Unicode test strings for unit tests
https://github.com/noct/cutf/tree/master/bin
Includes following files:
UTF-8-demo.txt
big.txt
quickbrown.txt
utf8_invalid.txt
Although this isn't quite what you asked for, I've always found this test document useful.
http://www.cl.cam.ac.uk/~mgk25/ucs/examples/UTF-8-test.txt
The same site offers this
http://www.cl.cam.ac.uk/~mgk25/ucs/examples/quickbrown.txt
... which are equivalents of English's "Quick brown fox" text, which exercise all the characters used, for a variety of languages. This page refers to a larger list of "pangrams" which used to be on Wikipedia, but was apparently deleted there. It is still available here:
http://clagnut.com/blog/2380/
To really test all possible conversions between formats, opposed to character conversions (i.e. towupper()
, towlower()
) you should test all characters. The following loop gives you all of those:
for(wint_t c(0); c < 0x110000; ++c)
{
if(c >= 0xD800 && c <= 0xDFFF)
{
continue;
}
// here 'c' is any one Unicode character in UTF-32
...
}
That way you can make sure you don't miss anything (i.e. 100% complete test.) This is only 1,112,065 characters, so it will be very fast with a modern computer.

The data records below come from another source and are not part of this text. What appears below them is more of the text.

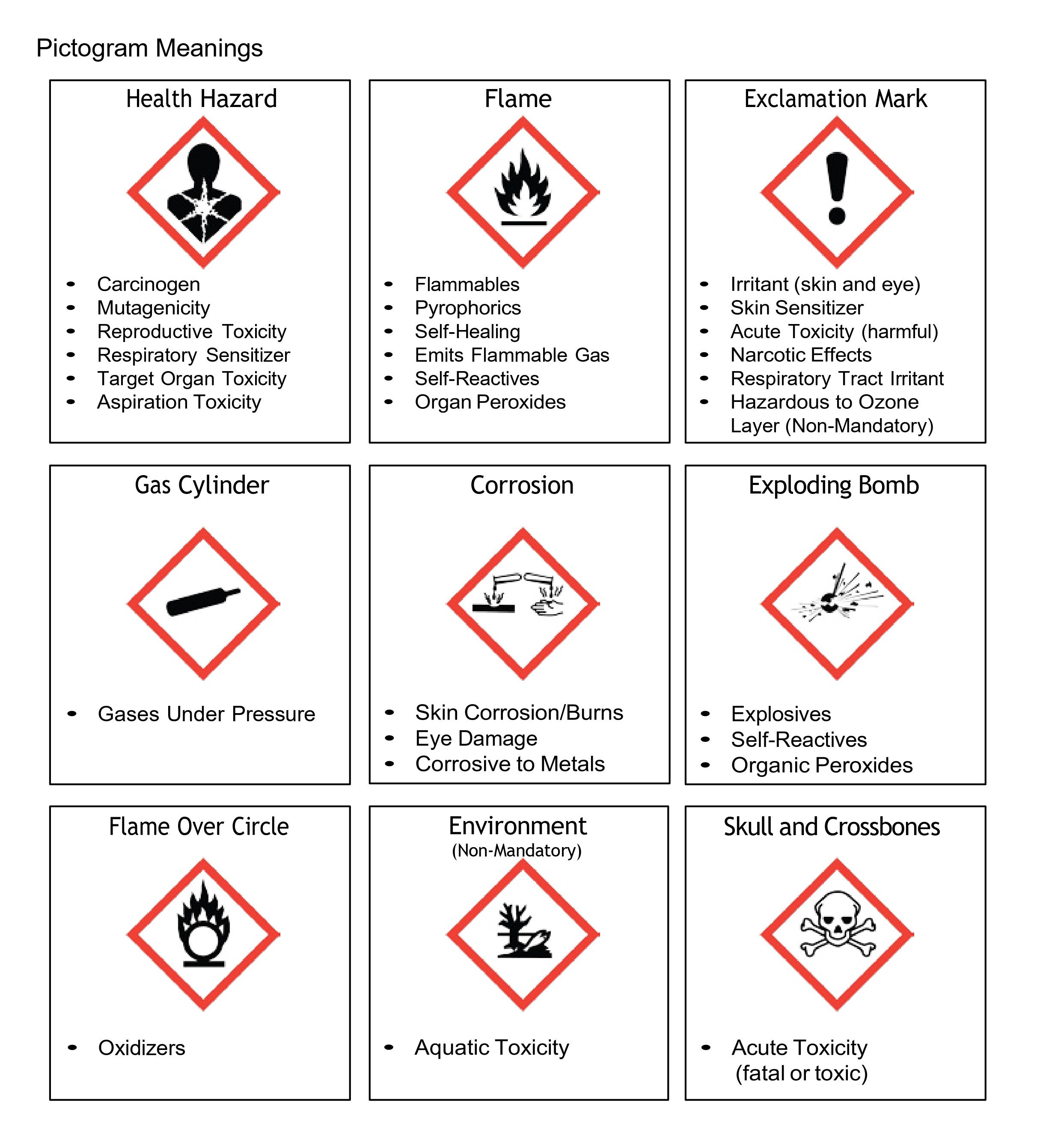 - Labels: Chemical manufacturers and importers will be required to provide a label that includes a harmonized signal word, pictogram, and hazard statement for each hazard class and category. Precautionary statements must also be provided. See image below for a sample label. A pictogram chart can be found at the bottom of this page.
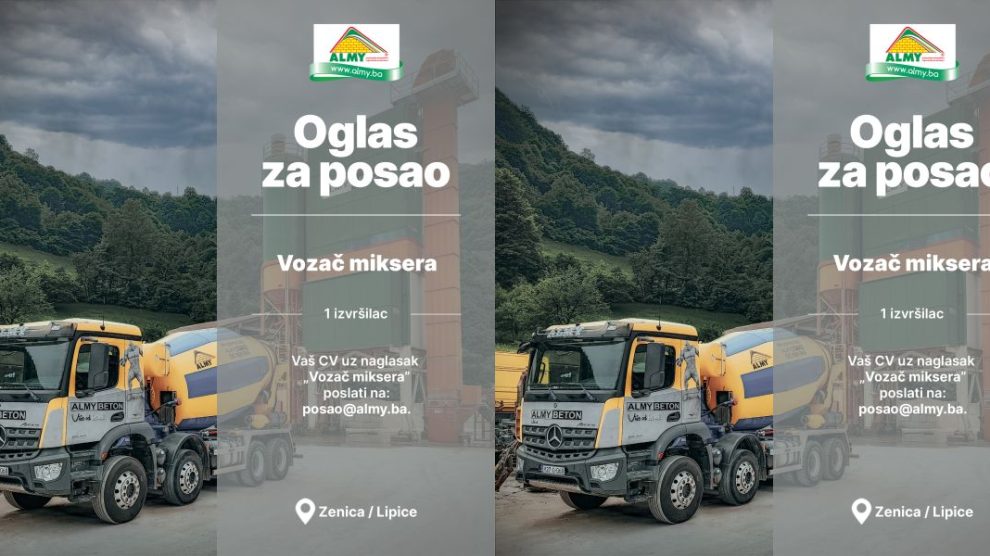 Oglas za posao: Vozač miksera- Almy d.o.o. Zenica objavljuje konkurs za prijem u radni odnos: Pozicija: Vozač miksera; Lokacija: Zenica / Lipice; Broj izvršilaca: 1. USLOVI: – SSS; – KV Vozač; – Poželjno posjedovanje digitalne kartice; – Spremnost na rad u timu...
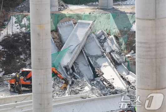 (서울=뉴스1) 김동규 신현우 기자 = 25일 건설 현장에서 붕괴사고가 발생한 서울세종고속도로 세종~안성 구간은 2026년 말까지 공사 완료가 계획돼 있는 고속도로다. 이날 기준 공정률은 60%다.

Note that for basic conversions between encodings my loop above is more than enough. However, there are other feature in Unicode which would require testing character pairs which behave differently when used together. This is really not necessary here.
Also I now have a separate C++ libutf8 library to convert characters between UTF-32, UTF-16, and UTF-8. The tests use loops as shown above. The tests also verify that using invalid character codes gets caught properly.